The Business of Education

0
762

No matter how much the business of education may be apotheosized it is just that, a business.  Education, like any other business, cannot be so sacrosanct to be beyond reform.  Yet the grandiloquence surrounding the reform debate, might lead one to believe education is necessarily immune to criticism. To take education of its pedagogical pedestal, we must confront vociferous unions and bungling bureaucrats.  Why?  Because education, unlike any other business, subsidizes the supplier and not the consumer.
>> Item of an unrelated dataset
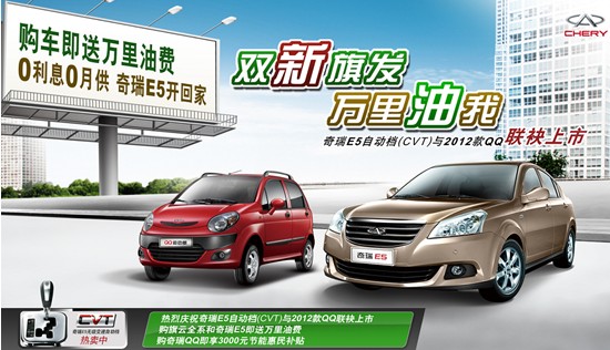 記者從鑫廣達奇瑞4S店了解到,此次推出的“雙‘新’旗發(fā) 萬里‘油’我”活動,是旗云繼新春“‘旗’福萬家,‘云’集豪禮躍龍門”活動后又一巨幅優(yōu)惠,促銷力度空前。整個活動由“購車即送萬里油”、“0利息 0月供 奇瑞E5開回家”等部分組成,從不同角度讓利消費者。

Subsidizing the supplier doesn’t work; it translates into top-down funding which is tremendously inefficient. Total spending has increased by 1400 percent since 1970 (adjusted for inflation), spending per student has more than doubled and the average class size has been cut by 70 percent. Yet SAT scores have actually dropped in both reading and math (the writing section wasn’t introduced until 2005).  Clearly the Department of Education subscribes to the logical fallacy, the appeal to money.   Ireland, for example, has roughly half our average expenditure per student, and still dramatically outranks the US in math, reading and science. American fourth graders have a far higher standing in international ranks than do high school sophomores. This is very telling; the international standing of American academic performance slips significantly as students progress through the education system. It is clear that the problem is not with the students but with the schools.
To give a light hearted anecdote of what happens when the government gets itself overinvolved in education; let us recall the Indiana Pi Bill, when a well-meaning legislator sought to pass a law rounding π down to the more manageable number 3.
To give a graver example, consider that more than a quarter of public high school seniors cannot read at a proficient level.
Neither politicians nor administrators have your best interests at heart. You have your best interests, or your child’s best interests, at heart.  What’s more, you know how best how to pursue them.  What good is a school investing thousands in the latest SmartBoard technology if the student is a kinesthetic learner?  Or perhaps you learn best in the afternoon, perhaps you want more art classes, perhaps you have a learning disability.
Recently, there has been a proliferation of educational possibilities to address these diverse needs.  Opportunities abound with online schools, montessori schools, home school, military academies and charter schools.  Innovation in education will cater to one student’s lack of discipline to another student’s excess of energy.
Bear in mind, however, that though these options may hit close to home, they may not be within reach.  Currently, the government subsidizes the supplier, not the consumer, so though the choice exists, the decision resides with a board of education.  In political jargon this is known as a local education agency.  In common vernacular this is known as a rip off.
The rhetoric surrounding education is largely to blame for its lack of reform.  In 1985 the Kansas City Federation of Teachers filed a brief with the Chief Judge urging the district to raise taxes to fund education, accusing Kansas City voters of “turn[ing] their backs on the children of their district.” Well the voters kowtowed to this verbal grandstanding and allocated two billion dollars to the school. One Olympic swimming pool and 120 private taxis later, the school’s academic performance had actually declined. The school failed district performance tests, 50 percent of the teachers were incompetent, and test scores remained dismal.  Rather than reforming the system, voters have been beguiled into throwing tax dollars into the educational vacuum.
Heaping cash into incompetent education departments is not just a supreme exercise in futility but an unaffordable luxury in today’s economy.
Both the lack of school accountability and the moral showboating stem from the same problem: the government subsidizes the producer, not the consumer.  Teachers do not answer to you but rather to administrators who have to answer to a superintendent who has to answer to the members of a board of education who, once every four years, must answer to you.  Why not just cut out some of the middlemen?